Collected data entries:
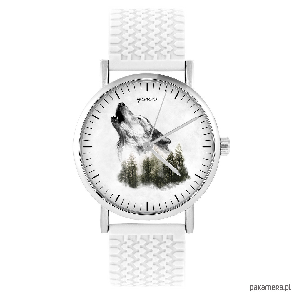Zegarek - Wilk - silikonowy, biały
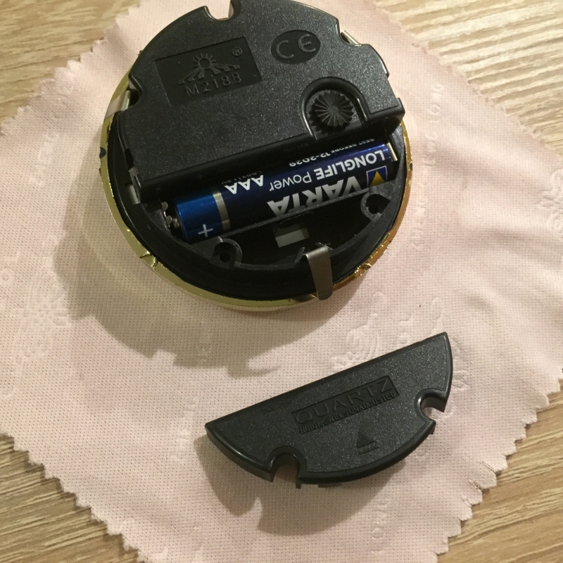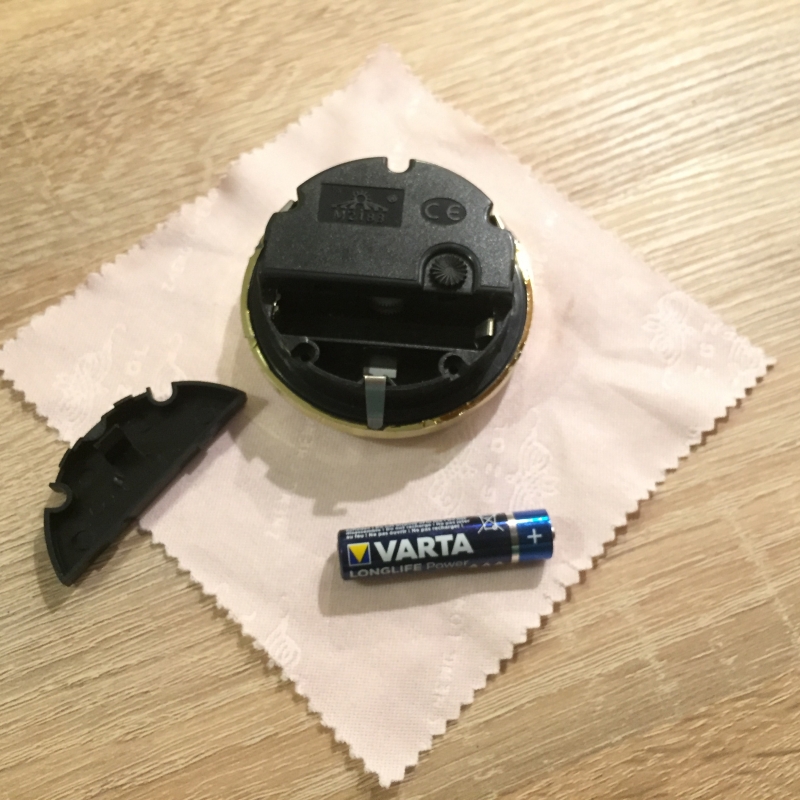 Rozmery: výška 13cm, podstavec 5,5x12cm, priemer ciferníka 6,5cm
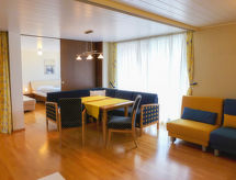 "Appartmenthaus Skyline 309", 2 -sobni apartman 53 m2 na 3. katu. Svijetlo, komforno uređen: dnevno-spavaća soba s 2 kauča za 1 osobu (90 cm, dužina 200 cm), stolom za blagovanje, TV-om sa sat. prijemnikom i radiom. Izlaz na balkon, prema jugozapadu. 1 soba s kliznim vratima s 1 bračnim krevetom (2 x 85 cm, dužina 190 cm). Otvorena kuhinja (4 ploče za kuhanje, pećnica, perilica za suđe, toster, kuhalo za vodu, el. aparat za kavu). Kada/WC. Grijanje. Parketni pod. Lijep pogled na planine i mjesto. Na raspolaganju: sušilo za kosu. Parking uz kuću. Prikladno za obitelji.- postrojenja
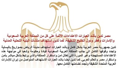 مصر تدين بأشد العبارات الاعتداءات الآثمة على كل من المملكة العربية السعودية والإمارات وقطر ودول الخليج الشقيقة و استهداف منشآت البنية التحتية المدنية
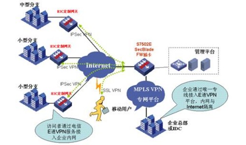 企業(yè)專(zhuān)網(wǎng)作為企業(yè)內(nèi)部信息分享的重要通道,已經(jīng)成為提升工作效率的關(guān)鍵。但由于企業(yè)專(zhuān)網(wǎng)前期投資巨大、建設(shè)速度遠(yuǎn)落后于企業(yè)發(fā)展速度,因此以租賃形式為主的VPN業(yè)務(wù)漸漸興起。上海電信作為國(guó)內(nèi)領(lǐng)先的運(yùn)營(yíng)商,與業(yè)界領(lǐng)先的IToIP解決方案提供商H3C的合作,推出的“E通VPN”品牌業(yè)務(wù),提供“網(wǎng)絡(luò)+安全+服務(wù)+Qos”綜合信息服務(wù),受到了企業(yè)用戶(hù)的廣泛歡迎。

**ACTIVITY:**
Reproduce the lines above exactly, please, but not the pictures in them.

**REPLY:**
Zegarek - Wilk - silikonowy, biały
 Rozmery: výška 13cm, podstavec 5,5x12cm, priemer ciferníka 6,5cm
 "Appartmenthaus Skyline 309", 2 -sobni apartman 53 m2 na 3. katu. Svijetlo, komforno uređen: dnevno-spavaća soba s 2 kauča za 1 osobu (90 cm, dužina 200 cm), stolom za blagovanje, TV-om sa sat. prijemnikom i radiom. Izlaz na balkon, prema jugozapadu. 1 soba s kliznim vratima s 1 bračnim krevetom (2 x 85 cm, dužina 190 cm). Otvorena kuhinja (4 ploče za kuhanje, pećnica, perilica za suđe, toster, kuhalo za vodu, el. aparat za kavu). Kada/WC. Grijanje. Parketni pod. Lijep pogled na planine i mjesto. Na raspolaganju: sušilo za kosu. Parking uz kuću. Prikladno za obitelji.- postrojenja
 مصر تدين بأشد العبارات الاعتداءات الآثمة على كل من المملكة العربية السعودية والإمارات وقطر ودول الخليج الشقيقة و استهداف منشآت البنية التحتية المدنية
 企業(yè)專(zhuān)網(wǎng)作為企業(yè)內(nèi)部信息分享的重要通道,已經(jīng)成為提升工作效率的關(guān)鍵。但由于企業(yè)專(zhuān)網(wǎng)前期投資巨大、建設(shè)速度遠(yuǎn)落后于企業(yè)發(fā)展速度,因此以租賃形式為主的VPN業(yè)務(wù)漸漸興起。上海電信作為國(guó)內(nèi)領(lǐng)先的運(yùn)營(yíng)商,與業(yè)界領(lǐng)先的IToIP解決方案提供商H3C的合作,推出的“E通VPN”品牌業(yè)務(wù),提供“網(wǎng)絡(luò)+安全+服務(wù)+Qos”綜合信息服務(wù),受到了企業(yè)用戶(hù)的廣泛歡迎。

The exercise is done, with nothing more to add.